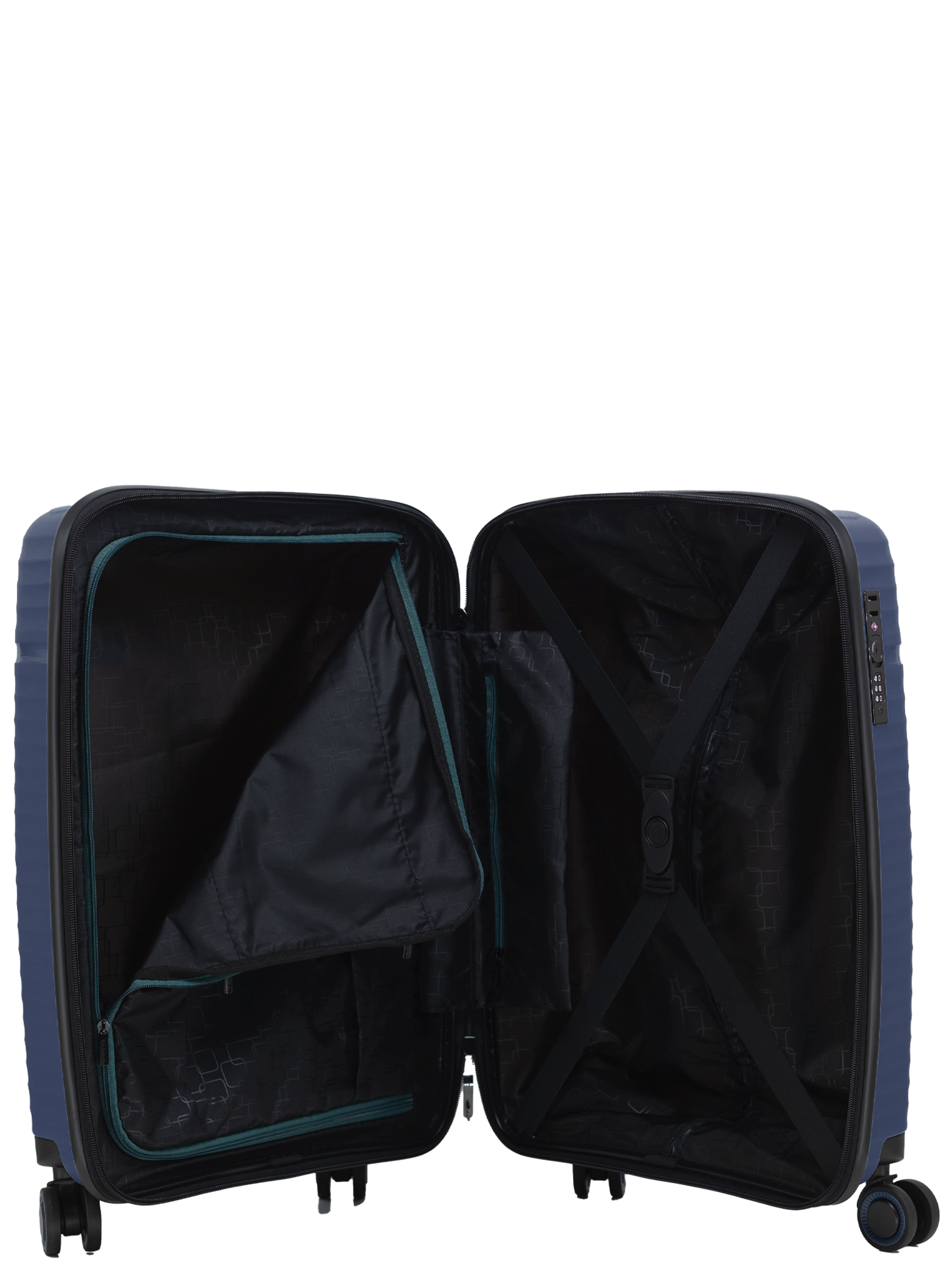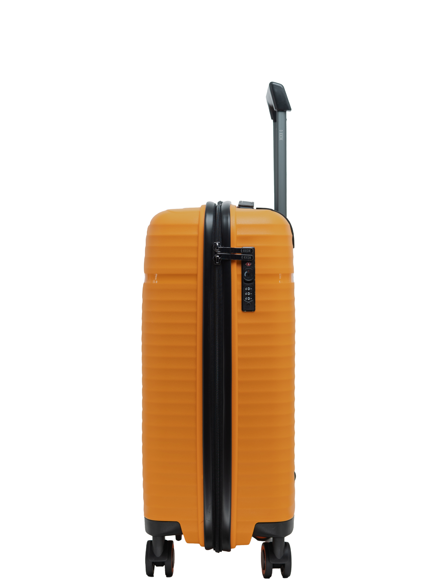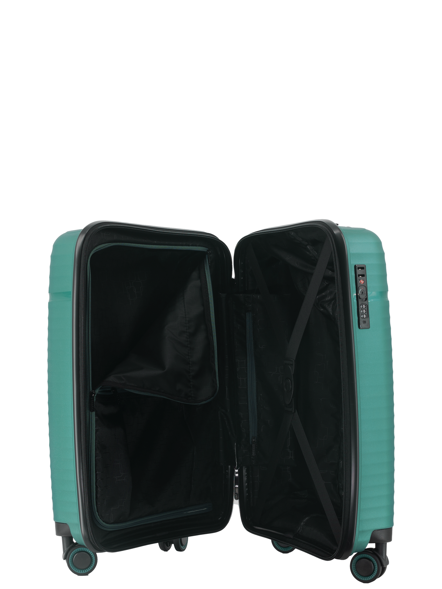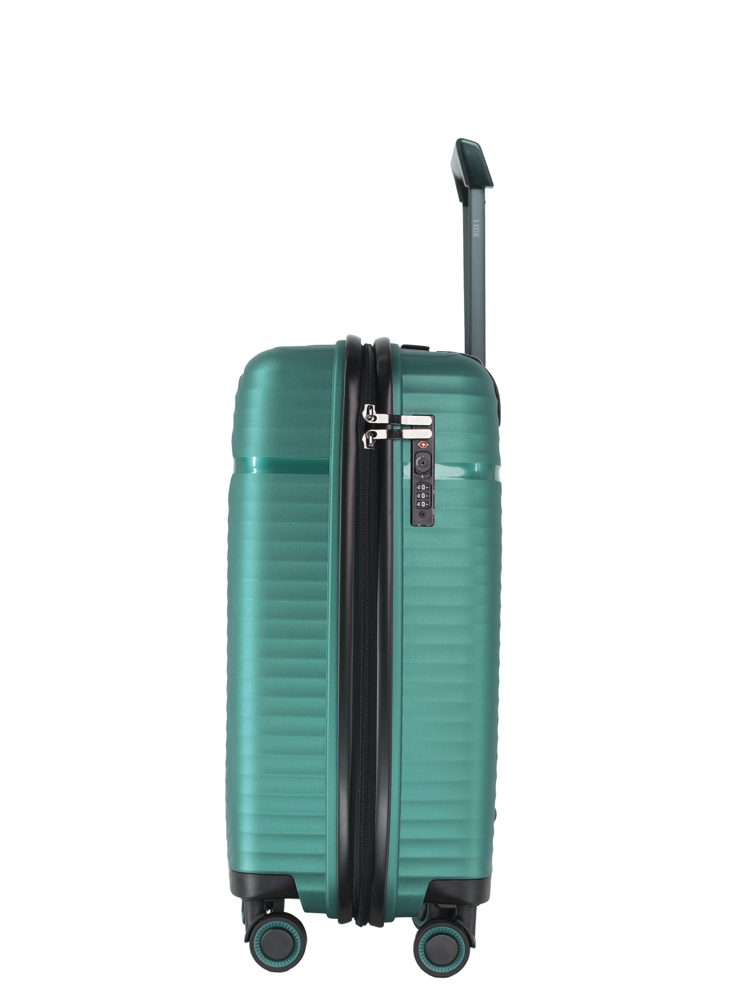 Lightweight suitcase with double-layer zipper for the main compartment, making the suitcase even more secure and durable compared to traditional zippered suitcases. Integrated TSA-approved combination lock. Solid and silent double wheels provide unmatched maneuverability. Telescopic handle in real aluminum with three height levels. Carrying handle on the suitcase. The suitcase is made of the latest super resistant Pure Polypropylene material. The suitcase is available in 3 sizes and several colors, Metallic Green, Metallic Blue, Orange, Silver, Navy and Black. All suitcases in a modern and stylish look.
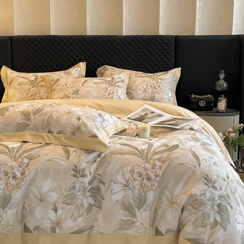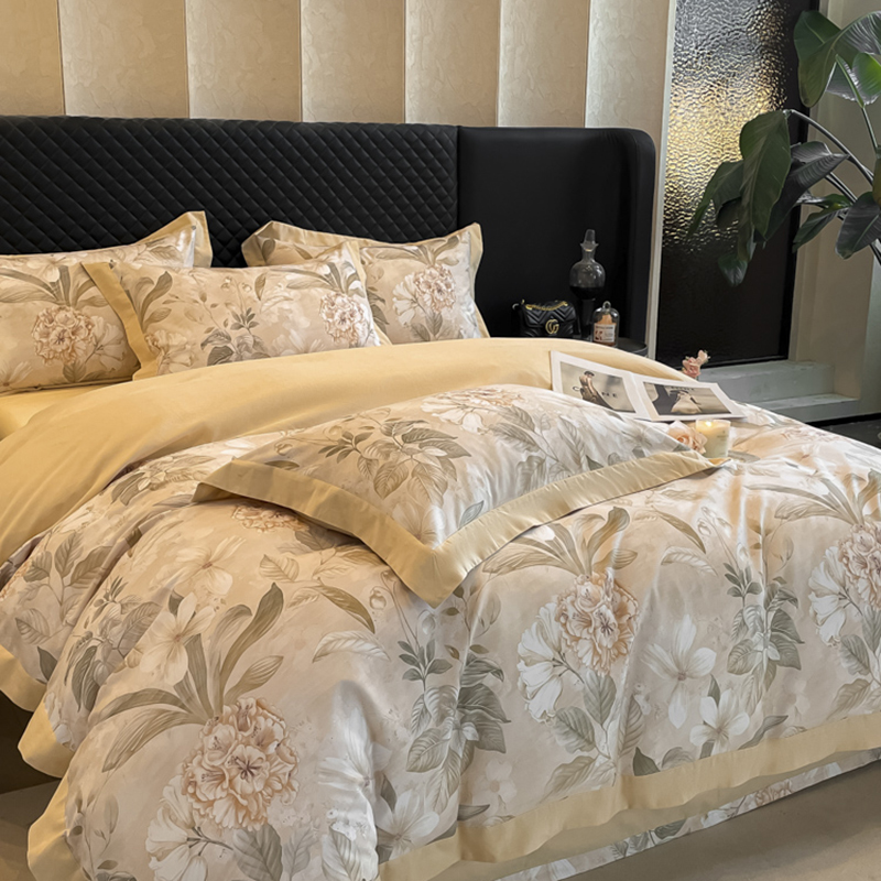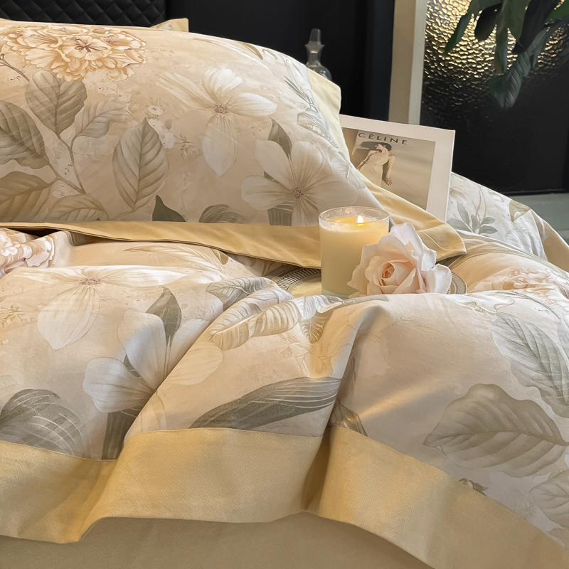 栩裕纺织 2025新款雪芙棉超柔天丝棉磨毛四件套 素瑾-黄
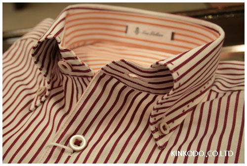 こちらのシャツ。衿の裏側がピンク色しておりますが、特別ピンクの生地を貼った訳でもなく、赤のストライプの裏側がピンク色した生地を使用。

Activity.
Copy all of the material word for word, and include none of its pictures.

Result.
 Lightweight suitcase with double-layer zipper for the main compartment, making the suitcase even more secure and durable compared to traditional zippered suitcases. Integrated TSA-approved combination lock. Solid and silent double wheels provide unmatched maneuverability. Telescopic handle in real aluminum with three height levels. Carrying handle on the suitcase. The suitcase is made of the latest super resistant Pure Polypropylene material. The suitcase is available in 3 sizes and several colors, Metallic Green, Metallic Blue, Orange, Silver, Navy and Black. All suitcases in a modern and stylish look.
 栩裕纺织 2025新款雪芙棉超柔天丝棉磨毛四件套 素瑾-黄
 こちらのシャツ。衿の裏側がピンク色しておりますが、特別ピンクの生地を貼った訳でもなく、赤のストライプの裏側がピンク色した生地を使用。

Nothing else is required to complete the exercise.